-------- MATERIAL FOR THIS TASK

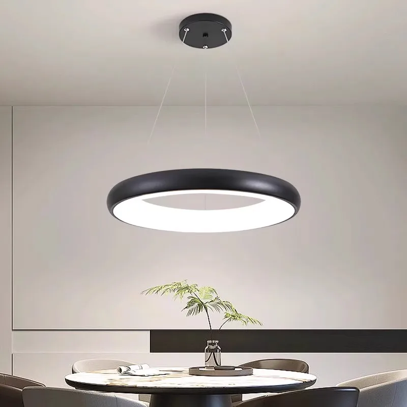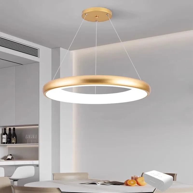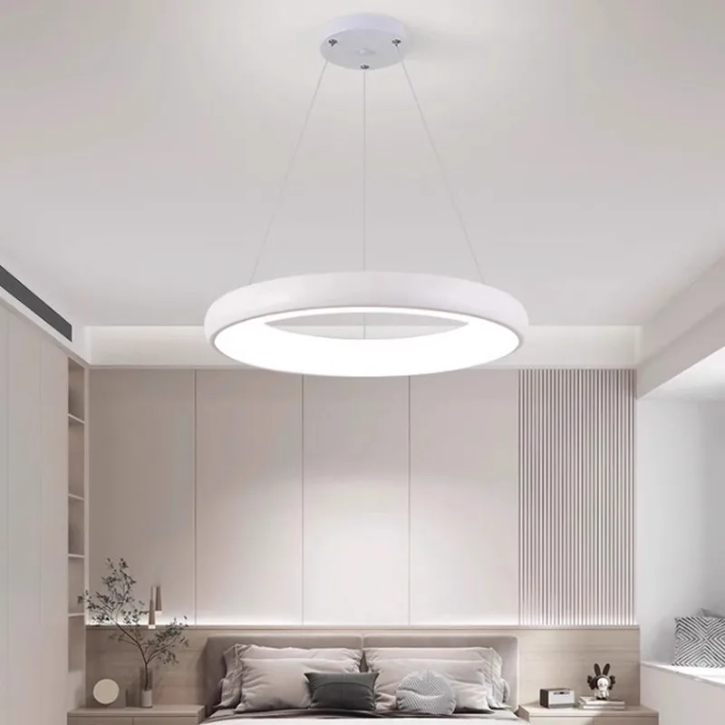 Modern Nordic Style 48W LED Ring Lighting High Performance Iron Chandelier for Living Room Bedroom Hanging Remote Control
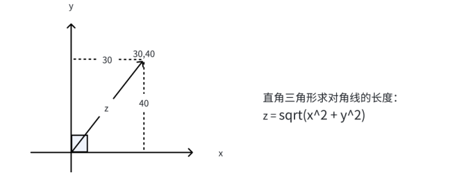 1、本题当中应用到了简单的数学知识:直角三角形求斜边长度。
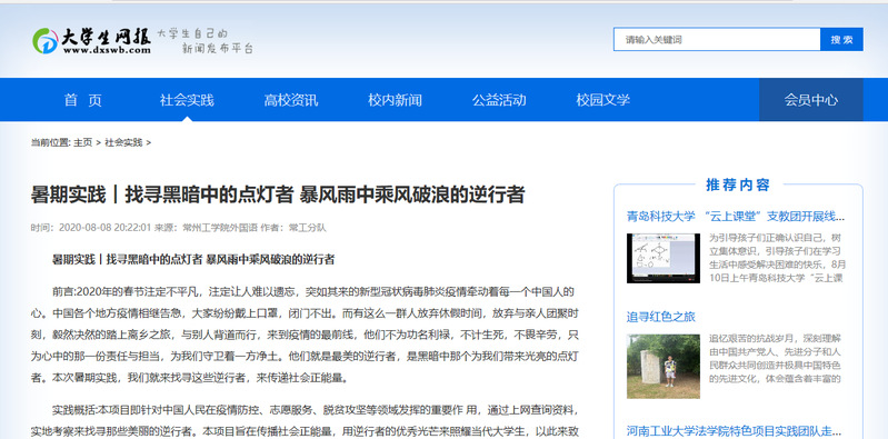 目前已经在大学生网报、爱上大学和学院微信等平台多渠道进行宣传发布,让更多人了解到岁月静好的背后,是怎样的一群人在为我们负重前行。
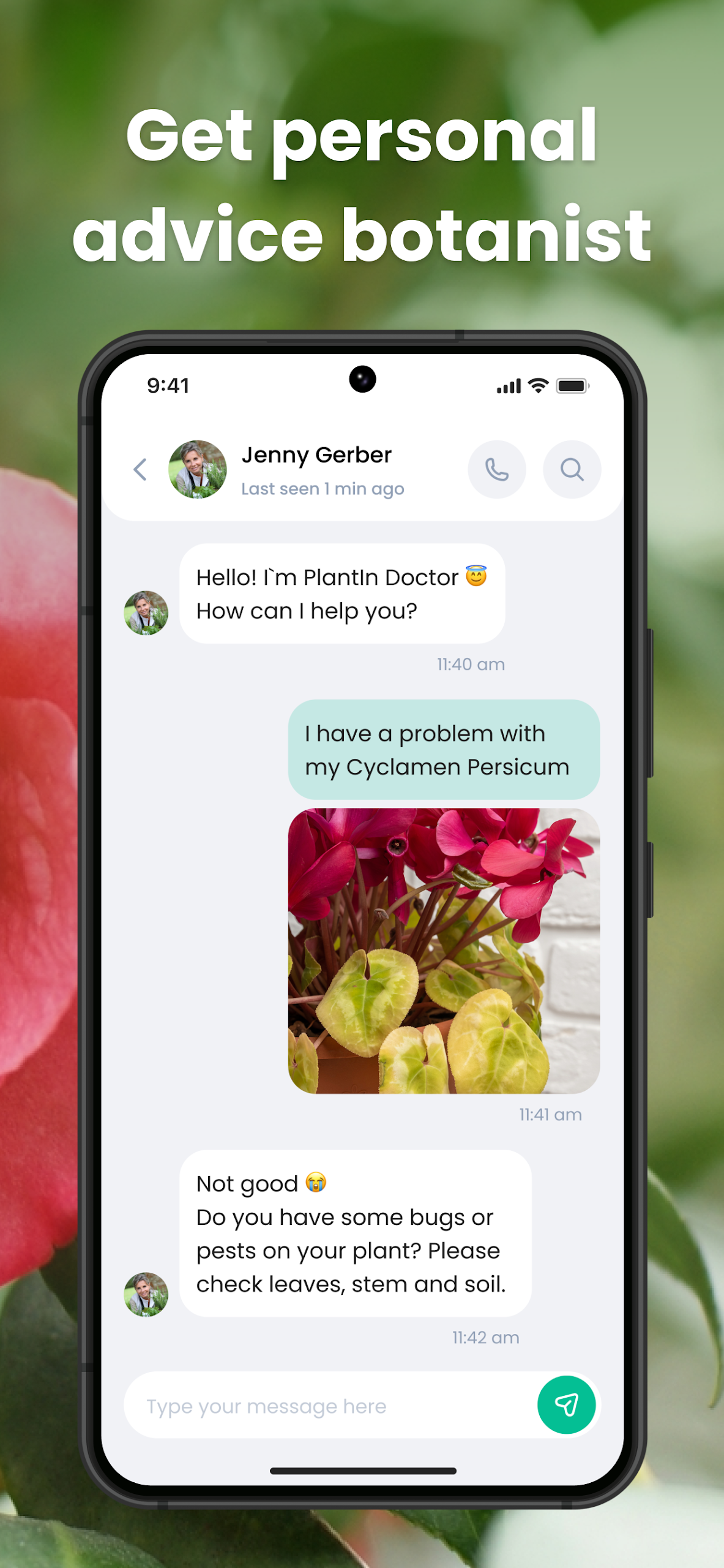 🪴Botanist Help: Think of PlantIn as your go-to plant doctor who understands exactly what’s wrong and is ready to assist! Engage with our experts; they’ll answer all your inquiries and prepare a personalized, detailed DIY treatment regimen tailored just for you.
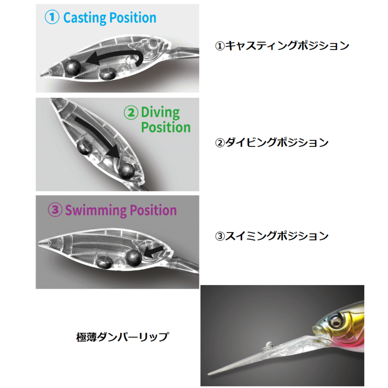 キャスト時はメインウエイトがボディ後方に移動して飛行姿勢を安定化、空気抵抗を低減化させ圧倒的なロングキャスタビリティを発揮。潜行時にはメインウエイトが最前方に移動して急潜行アングルを生み出し、ウォブリングアクションで潜行。最大潜行深度に到達すると、前方固定されていたウエイトがセンターのスイミングポジションに移動し、ハイピッチロールアクションにシフト。
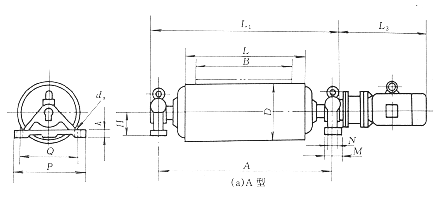 (1).因目前外裝式電動滾筒尚未制定相關行業標準,本廠將該型號電動滾筒首位代號用W(“外裝”的首位漢語拼音)表示。外裝式電動滾筒外置電機可分為立式電機和臥式電機,用戶訂購時請加以說明;
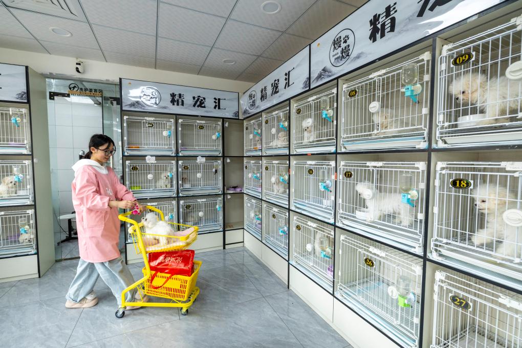 【记者:水金辰 马姝瑞 王菲】周五的安徽省宿州市花鸟鱼虫宠物大市场,犬吠与叫卖声交织,380多间商铺几乎都挤满了客商。
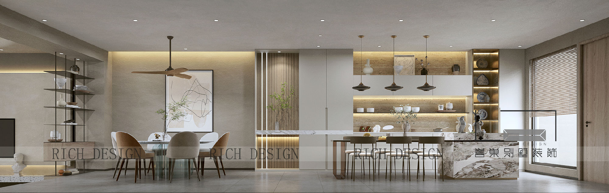在空間利用平滑流暢的幾何線條、克制減法的空間裝飾、疏密有致的明暗對(duì)話,釋放“侘寂”的魅力。
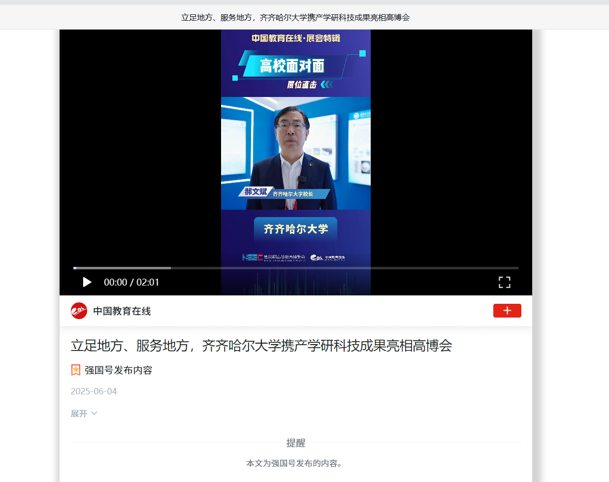 上一条:【龙头新闻·黑龙江日报】2025年齐齐哈尔市科技活动周和全国科技工作者日启幕
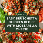 Easy Bruschetta Chicken is a flavorful and fresh twist on a classic Italian favorite. Juicy grilled chicken breasts are topped with a vibrant tomato basil mixture and melted mozzarella, making it a perfect weeknight dinner that feels special.
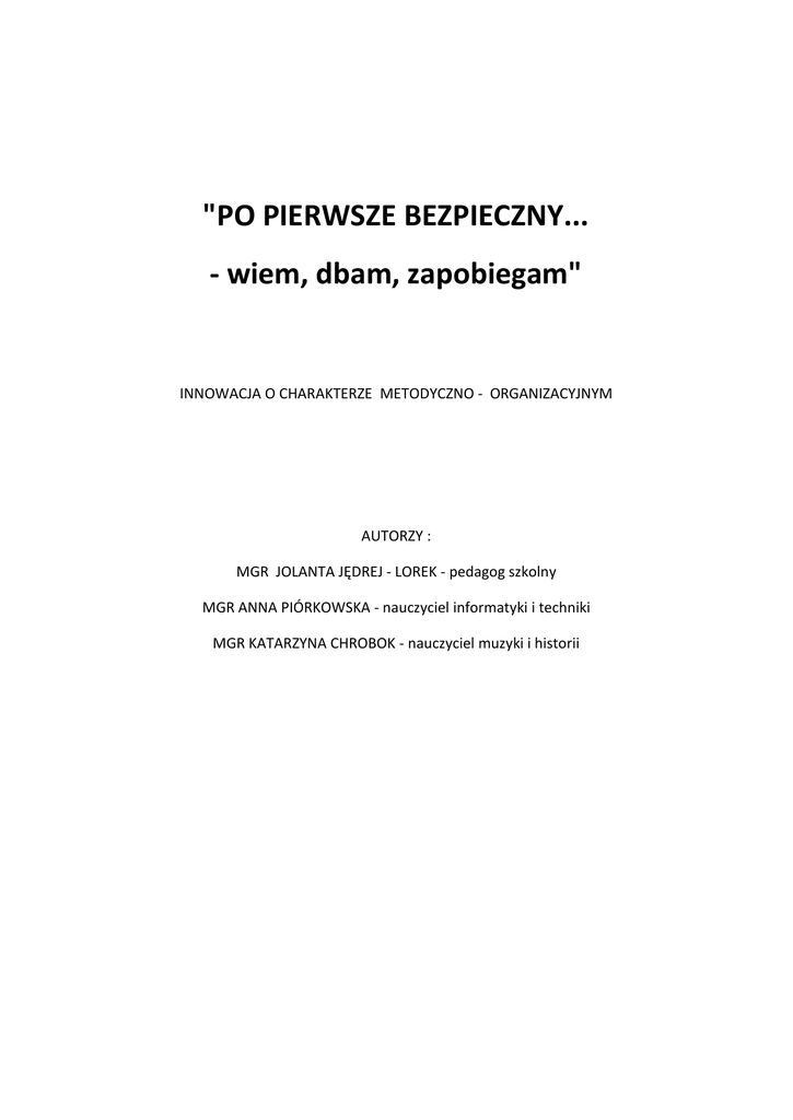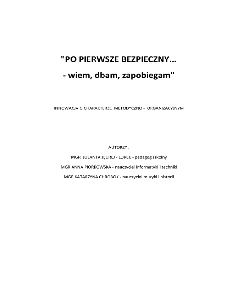 "PO PIERWSZE BEZPIECZNY... - wiem, dbam, zapobiegam" INNOWACJA O CHARAKTERZE METODYCZNO - ORGANIZACYJNYM AUTORZY : MGR JOLANTA JĘDREJ - LOREK - pedagog szkolny MGR ANNA PIÓRKOWSKA - nauczyciel informatyki i techniki MGR KATARZYNA CHROBOK - nauczyciel muzyki i historii I. OPIS INNOWACJI: 1. Temat innowacji: „ Po pierwsze bezpieczny... - wiem, dbam, zapobiegam" 2. Rodzaj innowacji: Innowacja dotyczy nowatorskich rozwiązao metodyczno -organizacyjnych. 3. Miejsce innowacji Proponowane rozwiązanie zostanie wdrożone im. Heleny i Ignacego Fików w Mysłowicach. w Szkole Podstawowej nr 1 4. Autorzy innowacji: Jolanta Jędrej - Lorek absolwentka Wyższej Szkoły Pedagogicznej TWP w Warszawie - pedagogika resocjalizacyjna - Wydział Nauk Społeczno - Pedagogicznych w Katowicach; kurs kwalifikacyjny: terapia pedagogiczna - RODN WOM Katowice; studia podyplomowe: socjoterapia i resocjalizacja - Wyższa Szkoła Humanistyczno Ekonomiczna w Brzegu - Instytut Studiów Podyplomowych w Tychach; doskonalenie zawodowe - SOS pomoc szkole w sytuacji kryzysu ROME METIS w Katowicach; Anna Piórkowska absolwentka Akademii Świętokrzyskiej im. Jana Kochanowskiego w Kielcach w Fili w Piotrkowie Trybunalskim - pedagogika z edukacją informatyczną; studia podyplomowe - technika i grafika komputerowa w szkole - Wyższa Szkoła Gospodarki Krajowej w Kutnie - Centrum Doskonalenia Kadr i Nauczycieli w Piotrkowie Trybunalskim; Katarzyna Chrobok absolwentka Uniwersytetu Śląskiego w Katowicach - wychowanie muzyczne Wydział Pedagogiczno-Artystyczny– filia w Cieszynie; studia podyplomowe - sztuka - Wyższej Szkoły Administracji w Bielsku-Białej; studia podyplomowe - historia - Uniwersytet Jagiellooski w Krakowie; studia podyplomowe - zarządzanie w oświacie - ŚWSZ im. Gen. J. Ziętka w Katowicach; egzaminator sprawdzianu po kl. VI szkoły podstwowej i egzaminu maturalnego z historii; doskonalenie zawodowe - SOS pomoc szkole w sytuacji kryzysu ROME METIS w Katowicach; II. Zakres innowacji 1. Proponowane nowatorskie rozwiązanie będzie obejmowad lekcje wychowawcze, zajęcia komputerowe oraz zajęcia pozalekcyjne i spotkania z rodzicami; 2. Adresatami innowacji będą uczniowie klas I-III i IV-VI szkoły podstawowej oraz nauczyciele i rodzice; 3. Czas realizacji jest przewidziany na rok szkolny 2015/2016. III. Motywacja wprowadzenia innowacji i oczekiwania z nią związane Nadrzędnym celem szkoły jest wszechstronny rozwój ucznia, któremu stwarza się warunki do zdobywania wiedzy i umiejętności służących do przeciwdziałania wszystkiemu, co zagraża jego zdrowiu i bezpieczeostwu. Z analizy sytuacji wychowawczej i stanu opieki dokonanej przez pedagoga szkolnego oraz sporadycznych incydentów obserwowanych przez pracowników szkoły czy poruszanych przez rodziców w czasie spotkao problemów, widzimy potrzebę rozpowszechnienia działao profilaktycznych wśród uczniów, nauczycieli oraz rodziców. Chcemy wesprzed działania pedagogów, wychowawców poprzez stworzenie interdyscyplinarnych i integracyjnych działao wychowawczo - profilaktycznych i promowad właściwe zachowania wsparte pomocą instytucji i osób, które zajmują się zapewnieniem zdrowia i bezpieczeostwa jak: policja, straż pożarna, pogotowie ratunkowe, WOPR itp. Uczeo XXI wieku jest uczestnikiem wielkiego i szybkiego postępu naukowo technicznego, który korzystając z tych nowinek często nieświadomie może stad się jego ofiarą. Z rozmów z uczniami i rodzicami, dzieci są ofiarami cyberprzemocy, nie zdając sobie z tego sprawy. Pragniemy poprzez nasze działania innowacyjne uświadomid i obdarzyd ucznia wiedzą jakie zagrożenia mogą go spotkad w życiu codziennym (np.: bezpieczeostwo w ruchu drogowym, używki, "śmieciowe jedzenie") jak i w globalnej przestrzeni (cyberprzemoc) oraz wyposażyd go w praktyczne umiejętności radzenia sobie w sytuacji kryzysowej od lat najmłodszych. Ze względów organizacyjnych wszystkie działania będą skoordynowane z pracą wychowawców, pedagoga i nauczyciela zajęd komputerowych. Nowatorstwem tej innowacji jest zaangażowanie uczniów, rodziców i nauczycieli, aby wspólnie podejmowad działania, które mają na celu zapobiegad pojawieniu się niekorzystnego zjawiska społecznego, które oceniamy jako szkodliwe i niepożądane w życiu codziennym i świecie wirtualnym. Zakładamy, iż założone cele zostaną osiągnięte. Uczniowie i rodzice zdobędą wiedzę na temat zagrożeo współczesnego świata oraz jak radzid sobie w kryzysowych sytuacjach i do jakich instytucji, poza szkołą, mogą zwrócid się o pomoc. Młodzi ludzi będą uwrażliwieni na problemy rówieśników i będą wzajemnym dla siebie wsparciem w trudnych sytuacjach. IV. ZAŁOŻENIA INNOWACJI PEDAGOGICZNEJ 1. Cel ogólny: Podwyższenie jakości pracy szkoły w zakresie zwiększenia poziomu bezpieczeostwa uczniów, zwiększenia świadomości zagrożeo otaczającego ich świata oraz wykształcenie prawidłowych odruchów w sytuacjach kryzysowych od najmłodszych lat. Podjęte działania są odpowiedzią na potrzeby rozwojowe młodego, aktywnego człowieka. 2. Cele szczegółowe: promowanie wśród uczniów wzorów bezpiecznych zachowao podczas spędzania wolnego czasu(np. po lekcjach, w czasie ferii, wakacji, itp.), wskazanie alternatywnych form spędzenia wolnego czasu, zapoznanie z podstawowymi zasadami udzielania pierwszej pomocy, nabywanie umiejętności przewidywania skutków niewłaściwych zachowao, zapoznanie z zasadami ruchu drogowego, kształtowanie i rowerzysty), świadomego uczestnika ruchu drogowego (pieszego pogłębianie wiedzy i świadomości na temat uzależnieo, przeciwdziałanie uzależnieniom oraz promocja zdrowia, kształtowanie postaw prozdrowotnych i prospołecznych wśród młodzieży, uwrażliwienie młodych ludzi na kłopoty innych rówieśników oraz zdobycie przez nich podstawowych umiejętności udzielania pomocy w problemowych sytuacjach, stworzenie możliwości nawiązania pierwszego kontakt

----------------

## INSTRUCTIONS TO FOLLOW
Everything above from the line with "1、本题当中应用到了简单的数学知识:直角三角形求斜边长度。" through the line with "just for you." should be retyped exactly, and nothing else; omit pictures.

## ANSWER
 1、本题当中应用到了简单的数学知识:直角三角形求斜边长度。
 目前已经在大学生网报、爱上大学和学院微信等平台多渠道进行宣传发布,让更多人了解到岁月静好的背后,是怎样的一群人在为我们负重前行。
 🪴Botanist Help: Think of PlantIn as your go-to plant doctor who understands exactly what’s wrong and is ready to assist! Engage with our experts; they’ll answer all your inquiries and prepare a personalized, detailed DIY treatment regimen tailored just for you.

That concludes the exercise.